Location
- Kensington Square Kensington, Greater London England
- Coordinates: 51°30′01″N 0°11′27″W﻿ / ﻿51.5002°N 0.1908°W

Information
- Type: Proprietary School
- Motto: dms
- Religious affiliation: Church of England
- Established: 1830
- Closed: 1896
- Gender: boys
- Age: 11 to 18

= Kensington School =

The Kensington Proprietary Grammar School, colloquially referred to as the Kensington School, was an educational establishment founded in 1830 that is perhaps best remembered for being one of the founders of the Football Association in 1863.

==History==
Kensington School was established in 1830 in union with the Corporation of King's College London for the purpose "of providing an efficient course of education for youth, comprising religious and moral instruction in conformity with the principles of the Established Church, the Greek, Latin and Modern languages anc literature, History, Geography, Mathematics and such other branches of knowledge and such accomplishments as it may be practicable and advantageous to introduce." It was intended to create a first-grade institution in connection with the Church of England. The Vicar of Kensington was the President the Bishop of London was the Patron. The school opened on 24 January 1831 with twenty pupils. The proprietors had taken a house on a short tenure in Kensington Square, the intention being that if after a trial period of two years the school was a success they would either take a lease or go elsewhere. The school quickly established itself.

The system of education to be adopted was prepared a few days before the school opened in 1831 by the Rev. T. S. Evans, the first headmaster. Approximately one third of the boys' time was to be devoted to the study of Latin and Greek, slightly more time to religious instruction, history, mathematics and arithmetic, and slightly less to French, geography and writing. The monitorial system of teaching was employed, whereby the masters taught only the monitors who in turn passed on the instruction they had received to their schoolfellows. By the time the school was about to take possession of the new schoolroom in January 1834, this system was abandoned in favour of the boys being divided into six separate classes. These classes were all held in the one large room, until 1837, when two new classrooms were added to the existing building. In 1838 the school acquired the next-door house at No. 26 and in 1845 another two classrooms were built on top of the original schoolroom. In 1834, dancing and drawing were introduced.

The school had immediately established an annual award of an exhibition at the Universities of the value of £50 a year for three years. Additionally it awarded an Indian cadetship, said to have formed the greatest attraction for pupils. In 1841 the school provided special courses to prepare boys for the East India Company's colleges at Haileybury and Addiscombe. As a result, Hindustani, military drawing, fortification, drill and fencing were all gradually introduced. A cadetship was created in 1842 by Sir Henry Willock, a Director of the East India Company, who was also one of the Directors of the School. The cadetship was an annual appointment to Addiscombe. This was to be "for the youth at Kensington School who may surpass his fellow students in merit and learning". The award lasted for nineteen years and not only attracted boys to the school but also directed school studies towards preparation for military life.

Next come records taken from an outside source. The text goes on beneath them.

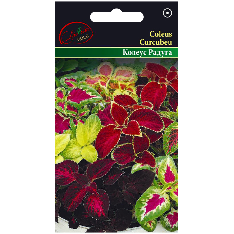 Coleus Curcubeu - este o plantă anuală decorativă, cu o înălțime de 25-35 cm și frunze de dimensiuni medii în multe combinații de culori, cum ar fi verde-galben, maro și roșu maro. Semințele pentru răsaduri se plantează la începutul primăverii, în lunile martie-mai, iar răsadurile apar în 10-14 zile după plantare. Coleus este una dintre cele mai atractive plante decorative, potrivită pentru cultivare atât în grădină, cât și în interior, pe pervaz. Este ideală pentru a înfrumuseța bordurile, jardinierele și balcoanele.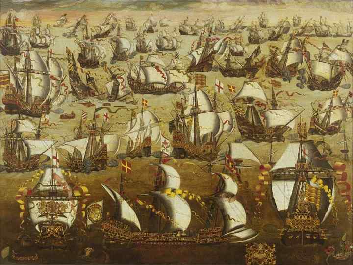 Небодимая армада • Ещё будучи наследником престола, в 1554 г. , Филипп женился на Марии Кровавой, королеве английской; когда Мария умерла, он желал жениться на её преемнице Елизавете, но последняя искусно отклонила это сватовство. По мере того, как росли успехи Нидерландов, Елизавета обнаруживала все больше и больше сочувствия к их делу. Френсис Дрейк, покровительствуемый английским правительством искатель приключений, нападал на берега заатлантических владений Испании, не щадя иногда и побережья Пиренейского полуострова. Наконец, когда Елизавета послала нидерландцам помощь в виде большого отряда пехоты и артиллерии, Филипп решился нанести решительный удар «еретичке» ; казнь Марии Стюарт только ускорила его решение. В 1588 г. Филипп послал к берегам Англии под начальством Медина-Сидонии огромный флот (130 больших военных кораблей) — «Непобедимую Армаду» , которая погибла от бури и удачных нападений оборонительной английской эскадры. Филипп принял известие об этом несчастье с необыкновенным наружным спокойствием, но на деле, как это было ясно для приближенных, оно весьма сильно угнетало его. Мира с Елизаветой он все же не заключил и до конца его жизни Испания подвергалась жестоким нападениям со стороны английского флота: казна Филиппа была до такой степени истощена, что выстроить маломальски сильный оборонительный флот он решительно не мог. Англичанам удавались самые отважные высадки: например незадолго до смерти Филиппа они сожгли Кадис.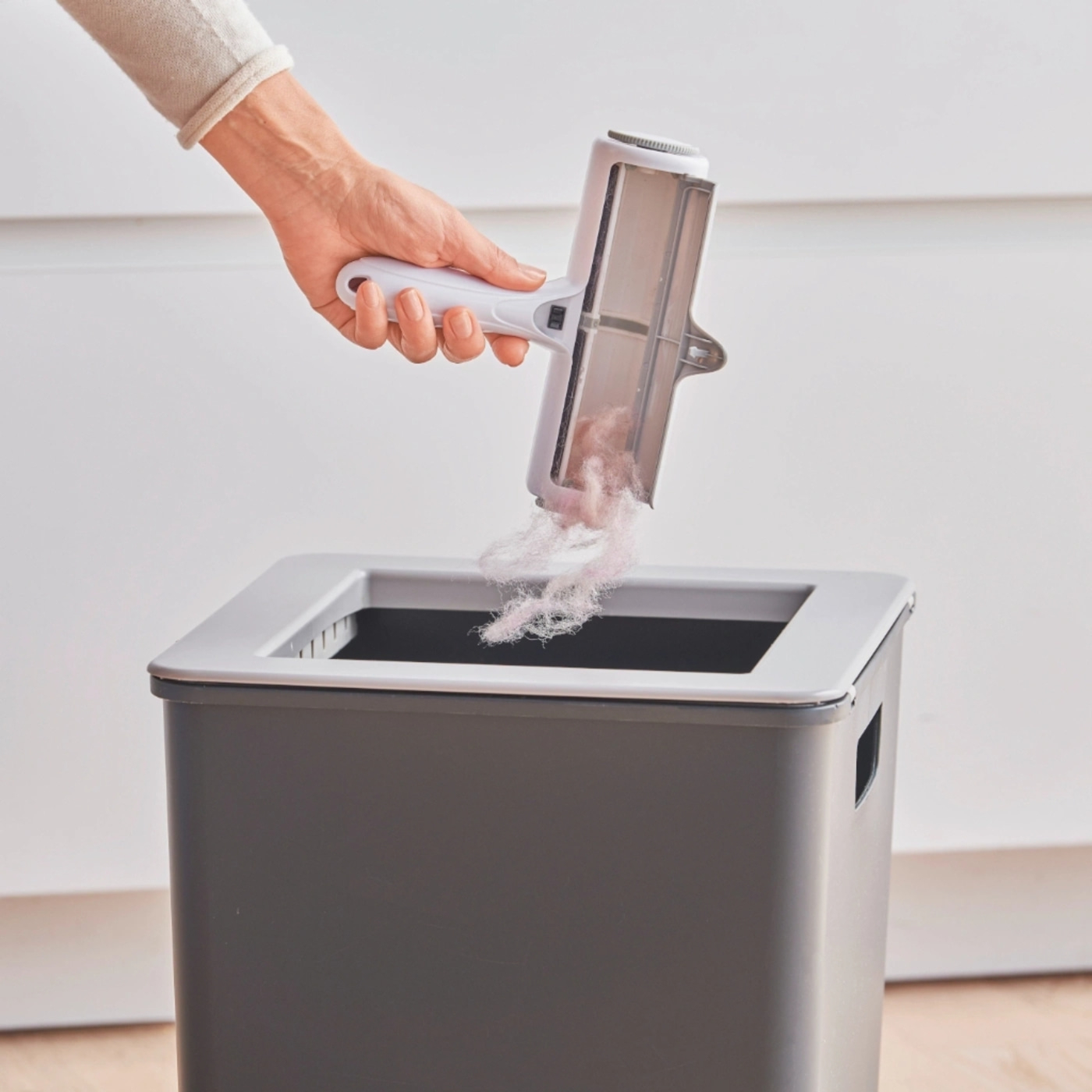 Das patentierte Bürstensystem sammelt bei einfachen Hin-und-her-Bewegungen Haare, Fusseln und feinen Staub von Textilien ein. Statt an einer klebrigen Folie bleiben die Partikel in einem integrierten Schmutzbehälter hängen. Mit einem Klick öffnest du den Behälter und entleerst ihn direkt in den Abfall – die Rolle ist sofort wieder parat, ganz ohne Nachfüllen oder Ersatzrollen.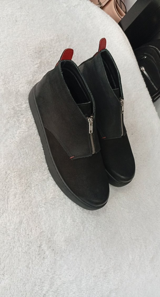 Fermuarlı Siyah Erkek Bot gerçek deri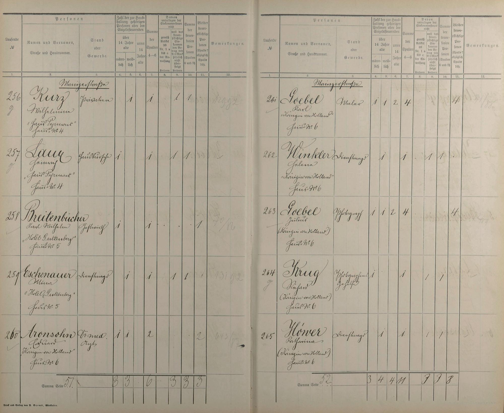 219: Einwohnerverzeichnis nach Straßen und Anzahl der steuerpflichtigen Personen

In 1845, when the number of pupils had reached 130, of whom 85 were boarders, the directors decided to buy No. 28 Kensington Square and use it as a boarding house, in order to relieve pressure on the headmaster's own house. However, only a part of No. 28 was used in this way, the rest being let to the second master at £70 per annum, while his former residence at No. 26 was added to the headmaster's house. In 1849, gas-lighting was installed in the lower rooms at Nos. 26 and 27 and later the school library was in No. 26. More classrooms were built in the back garden of No. 28 in 1853. By 1857, Kensington School held a high position, due to the success of its scholars at the Universities and more especially to the number of boys trained for the military services. It is said that the curriculum of Kensington School supplied a want which the public schools had not yet attempted to meet in that, prior to the mid-nineteenth century, the study of classics was supreme in the public schools, with mathematics, modern languages and science but only tolerated. Although this changed in the latter half of the century, Kensington were already satisfying the requirements of parents and giving also what the Universities and military examiners wanted.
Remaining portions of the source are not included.